Northern Ireland

Councillor claims ‘fear factor’ in town where Catholic man attacked for wearing GAA jersey

Police treating incident as sectarian

Marty McWilliams who was assulted in Portadown. PICTURE: MAL MCCANN
Marty McWilliams was assaulted in Portadown last weekend. PICTURE: MAL MCCANN

A “fear factor” continues to hang over a Co Armagh town with a history of sectarian violence and where a Catholic man was attacked for wearing a GAA jersey last weekend.

Marty McWilliams was left with injuries to his hand after being attacked by two men in the mainly Protestant town around noon on Sunday.

Police say the attack is being treated as a sectarian hate crime.

In 1997 father-of-three Robert Hamill was beaten by a loyalist mob in the town and died in hospital 11 days later from his injuries.

Marty McWilliams who was assulted in Portadown. PICTURE: MAL MCCANN
Marty McWilliams shows his injuries. PICTURE: MAL MCCANN

Portadown has also been at the centre of the bitter Drumcree parade dispute.

The latest victim of a sectarian attack in the town said he was challenged while wearing a Los San Patricios GAA Club, Mexico City, jersey as he made his way into a local business.

Speaking to the Irish News this week the victim told how his attackers asked: “What are you wearing that f**cking top around here for?”

He said one of the men later came into the business and there was an exchange of words before he left.

The 34-year-old said he “defended” himself as the attackers, one of which had a bottle, tried to stop him getting into his car.

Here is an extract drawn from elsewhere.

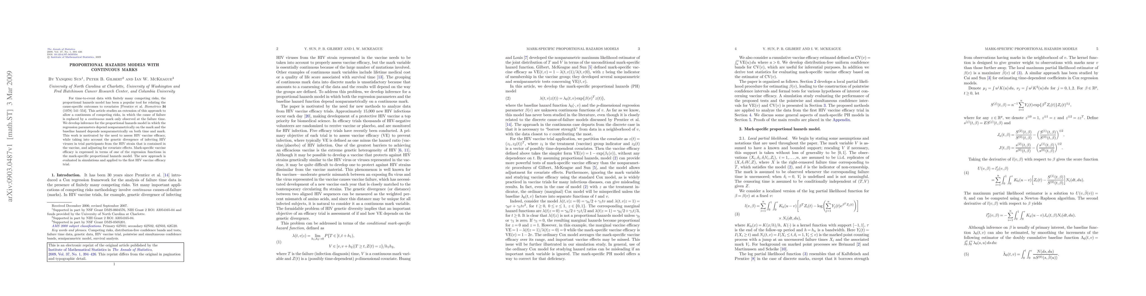 This paper extends the proportional hazards model to accommodate continuous marks representing competing risks, allowing for a continuum of failure causes. The developed model assesses HIV vaccine efficacy by adjusting for genetic divergence and covariate effects, and is evaluated through simulations and applied to an HIV vaccine trial.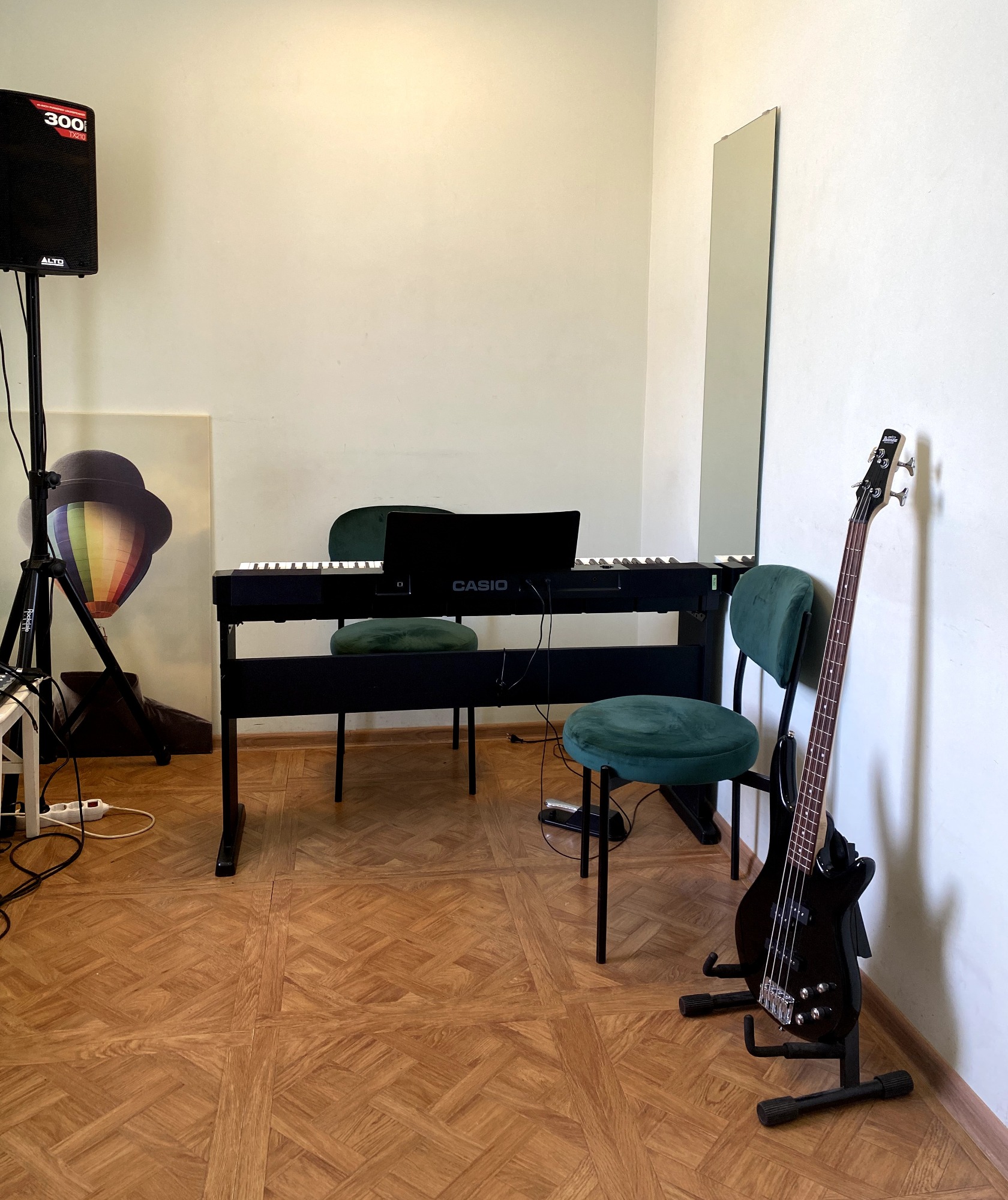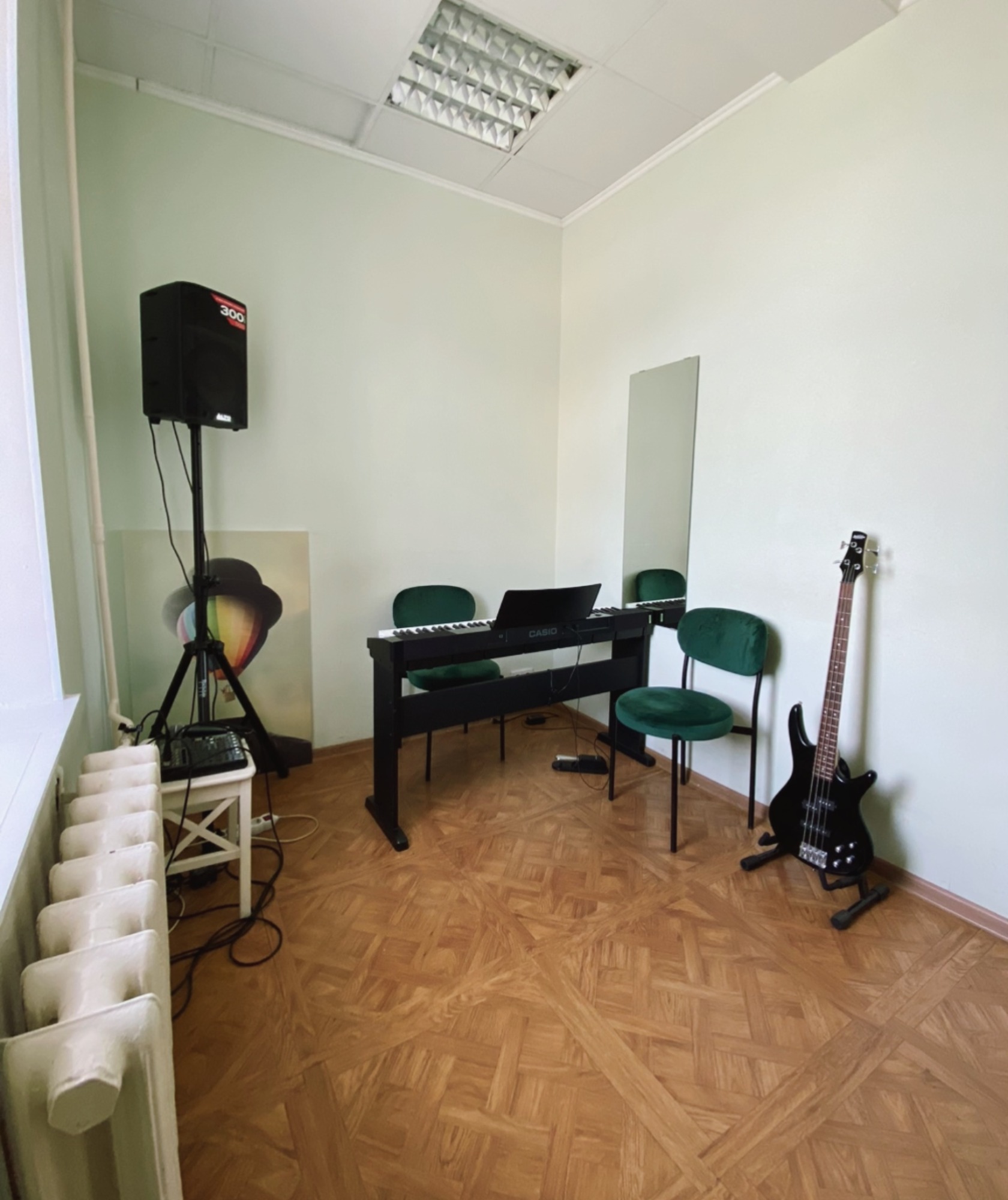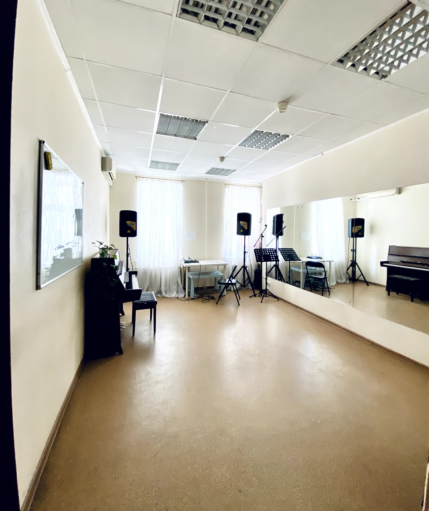 Прекрасный класс!!! Акустика, мак, воздух, простор. Атмосфера располагает, локация удобная. Заниматься в удовольствие.

He added that when he eventually made it to the vehicle it was targeted causing £3,500 of damage.

Mr McWilliams said he had previously worn GAA tops in the area and is a regular visitor.

The former Cliftonville FC coach said he was “scared for my life because I saw a bottle”.

Sinn Féin councillor Paul Duffy said he has raised the attack with police and concerns that Mr McWilliams has for his safety.

“There’s no place in society for such attacks,” he said. “The behaviour is damaging and there’s no call for it.”

Mr Duffy said that “there’s still a fear factor around Portadown” adding that “there is still an element of fear in certain ends of the town at certain times of the night”.